Anticipating the hiding he would inevitably receive when his brother got back up, the only place Hand felt he would be safe was here, next door to his home now, in Moyvane. So he ran all the way from Drumcondra out to Inchicore, from where he thumbed a lift down to Kerry, making it down to Listowel late that evening. From there, he walked for another 12 miles, in the dark, to his holiday home. “And scared the living daylights out of everyone in the house when I knocked on the door,” he said.

The next morning, his mother was called. “Eoin’s safe,” she was told.

So, in a way, it’s no surprise that after the harrowing events of the 1990s, when his marriage and business collapsed, he’d seek this little place out once again as a refuge. He has been here since ’97, when he recovered from his life-threatening illness. Now he sees the world threatened with a new disease.

“This is a trying time for so, so many people,” Hand says, teasing your correspondent for bringing the subject up.

“Most people who have called today have said ‘happy birthday’,” he says, laughing. “So thank you for reminding me that, as a 74-year-old male, I’m in what they call the vulnerable category. Look, at my age, you have to be able to laugh at yourself.

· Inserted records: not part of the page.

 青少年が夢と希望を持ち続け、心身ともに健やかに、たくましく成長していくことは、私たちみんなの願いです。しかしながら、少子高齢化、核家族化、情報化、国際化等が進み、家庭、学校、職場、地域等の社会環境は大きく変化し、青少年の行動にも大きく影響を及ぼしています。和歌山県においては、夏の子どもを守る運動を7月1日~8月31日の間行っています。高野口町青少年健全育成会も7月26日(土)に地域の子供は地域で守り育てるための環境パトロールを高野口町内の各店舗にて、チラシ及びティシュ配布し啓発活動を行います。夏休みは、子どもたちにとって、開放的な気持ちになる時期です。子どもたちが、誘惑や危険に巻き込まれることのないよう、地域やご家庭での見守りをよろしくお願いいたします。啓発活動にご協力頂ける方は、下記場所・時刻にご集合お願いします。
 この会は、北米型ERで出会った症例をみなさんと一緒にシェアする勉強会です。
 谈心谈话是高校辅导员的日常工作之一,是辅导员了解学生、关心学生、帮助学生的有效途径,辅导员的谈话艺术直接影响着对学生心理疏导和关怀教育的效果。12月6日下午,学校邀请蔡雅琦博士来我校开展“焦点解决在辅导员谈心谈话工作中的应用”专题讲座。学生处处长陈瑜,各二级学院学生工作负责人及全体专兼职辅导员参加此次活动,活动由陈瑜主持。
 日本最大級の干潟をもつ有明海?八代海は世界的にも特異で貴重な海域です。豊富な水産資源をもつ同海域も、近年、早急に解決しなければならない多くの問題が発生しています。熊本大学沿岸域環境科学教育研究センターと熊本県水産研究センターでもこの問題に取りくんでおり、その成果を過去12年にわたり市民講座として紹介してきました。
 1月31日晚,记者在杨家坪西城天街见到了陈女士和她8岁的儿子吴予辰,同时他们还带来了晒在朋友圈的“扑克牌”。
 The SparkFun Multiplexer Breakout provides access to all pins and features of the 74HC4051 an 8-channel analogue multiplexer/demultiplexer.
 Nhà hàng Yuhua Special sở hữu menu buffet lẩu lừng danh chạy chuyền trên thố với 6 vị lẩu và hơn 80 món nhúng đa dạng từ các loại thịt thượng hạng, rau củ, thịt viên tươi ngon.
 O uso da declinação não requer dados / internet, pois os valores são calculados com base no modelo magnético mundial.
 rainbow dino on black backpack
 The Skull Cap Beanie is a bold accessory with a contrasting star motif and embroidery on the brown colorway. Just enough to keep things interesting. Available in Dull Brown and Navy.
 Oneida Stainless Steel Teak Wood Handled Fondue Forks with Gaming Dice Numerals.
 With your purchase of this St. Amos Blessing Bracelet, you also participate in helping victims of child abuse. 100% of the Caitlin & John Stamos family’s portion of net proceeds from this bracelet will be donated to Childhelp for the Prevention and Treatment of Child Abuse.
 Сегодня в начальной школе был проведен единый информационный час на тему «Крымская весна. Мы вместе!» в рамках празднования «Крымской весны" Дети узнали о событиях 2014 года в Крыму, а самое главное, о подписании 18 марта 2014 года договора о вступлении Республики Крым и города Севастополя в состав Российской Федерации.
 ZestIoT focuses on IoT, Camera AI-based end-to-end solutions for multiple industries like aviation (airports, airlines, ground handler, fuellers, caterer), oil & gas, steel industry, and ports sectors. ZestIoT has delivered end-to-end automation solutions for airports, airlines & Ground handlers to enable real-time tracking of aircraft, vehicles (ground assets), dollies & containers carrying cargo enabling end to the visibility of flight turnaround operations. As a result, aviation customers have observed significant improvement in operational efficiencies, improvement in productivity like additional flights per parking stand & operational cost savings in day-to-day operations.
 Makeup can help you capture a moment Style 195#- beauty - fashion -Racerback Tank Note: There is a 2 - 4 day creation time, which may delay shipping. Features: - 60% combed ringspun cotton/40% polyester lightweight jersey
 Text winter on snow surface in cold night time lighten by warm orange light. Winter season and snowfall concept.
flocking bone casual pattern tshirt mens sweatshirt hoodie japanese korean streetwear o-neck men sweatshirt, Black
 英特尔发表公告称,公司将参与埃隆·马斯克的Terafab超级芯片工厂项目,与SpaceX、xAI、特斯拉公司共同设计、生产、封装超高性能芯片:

“You also have to just get on with things. You know that out of something as awful as this, there will be some good.

“There may well be an economic disaster and the accompanying stress will be awful for people. I’m not going to downplay that. But if people use this time to re-evaluate what’s important, see the value of their health, of spending time with their family, there are positives in that.

“Put it this way, I’ve spent my life in sport where the word hero was bandied around, sometimes fairly, sometimes loosely.

“But nurses, doctors, medical people, they’re all heroes. People looking after the elderly and the sick in care homes, as a nation we should be saying thanks to them. They’re risking their health for us. That’s beyond heroic. We should all be so proud of them.”